A sample collected from the small intestine of a diseased piglet was analysed by metagenomics analysis using next-generation sequencing (NGS) to identify potential aetiological agents. Of the 15,256,565 total reads obtained, 4,225 matched sequences of the bat CoV HKU2, which was first detected in Chinese horseshoe bats in Hong Kong and Guangdong province, China19. By de novo assembly and targeted PCR, we obtained a 27,173-bp CoV genome that shared 95% sequence iden-tity to HKU2-CoV (GenBank accession number NC_009988). Thirty-three full genome sequences of SADS-CoV were subsequently obtained (8 from farm A, 5 from farm B, 11 from farm C and 9 from farm D) that were 99.9% identical to each other.

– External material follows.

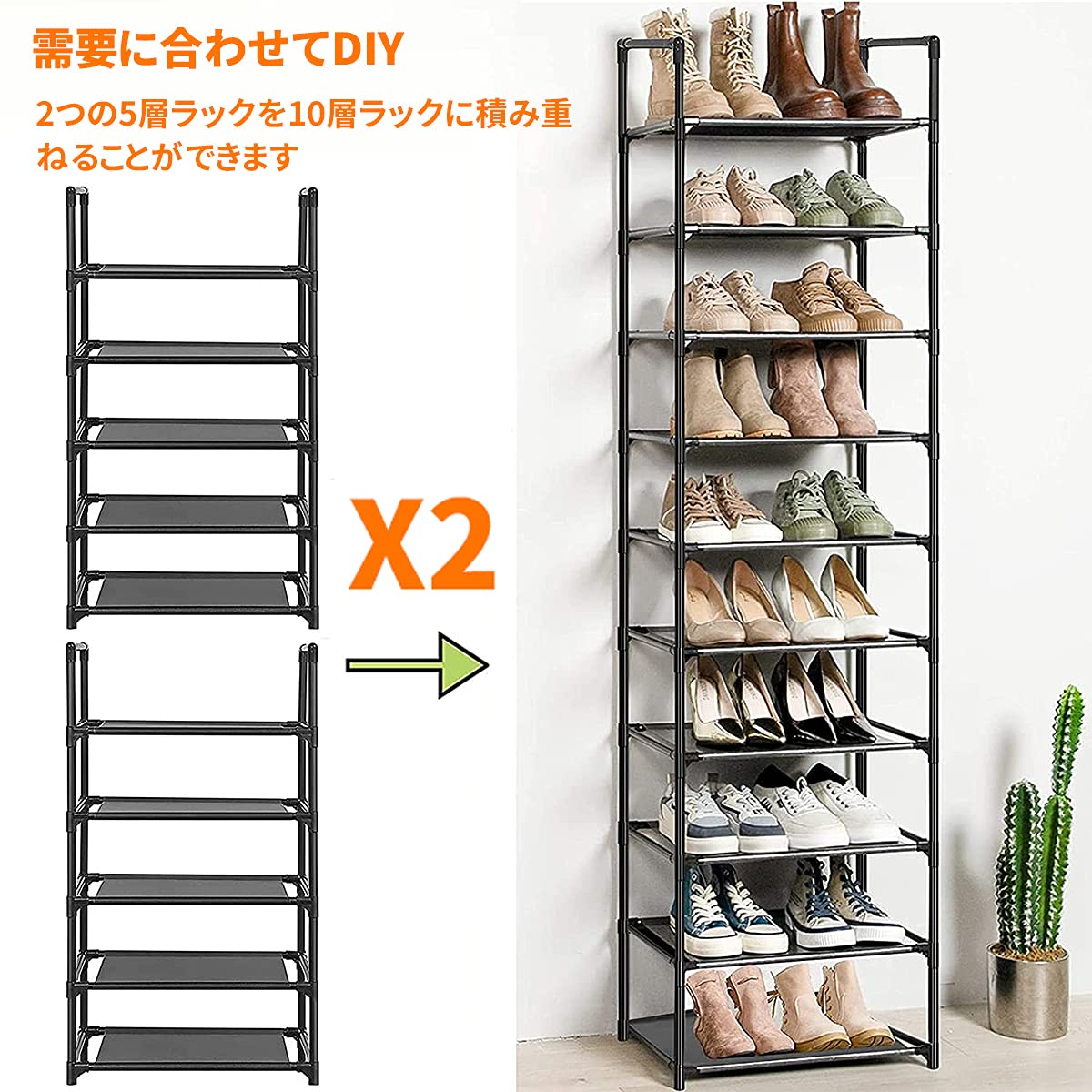 【シューズラック 組み立て簡単、分解容易】軽量且つ取り外すも可能で、引っ越しする時はすごく便利です。組立はあまり力を要らず、工具も不要な,女性の方でも手軽に組み立てることができます!日本語説明書付き

The virus replicated to higher titres in piglets than in sows. SADS-CoV displayed tissue tropism of the small intestine, as observed for other swine enteric coronaviruses20. Retrospective PCR analysis revealed that SADS-CoV was present on farm A during the PEDV epidemic, where the first strongly positive SADS-CoV sample. SADS-CoV was the dominant viral agent detected in diseased animals. It is possible that the presence of PEDV early in the SADS-CoV outbreak may have somehow facilitated or enhanced spill over and amplification of SADS. However the fact that the vast majority of piglet mortality occurred after PEDV infection had become undetectable suggests that SADS-CoV itself causes a lethal infection in pigs that was responsible for these large-scale outbreaks, and that PEDV does not directly contribute to its severity in individual pigs.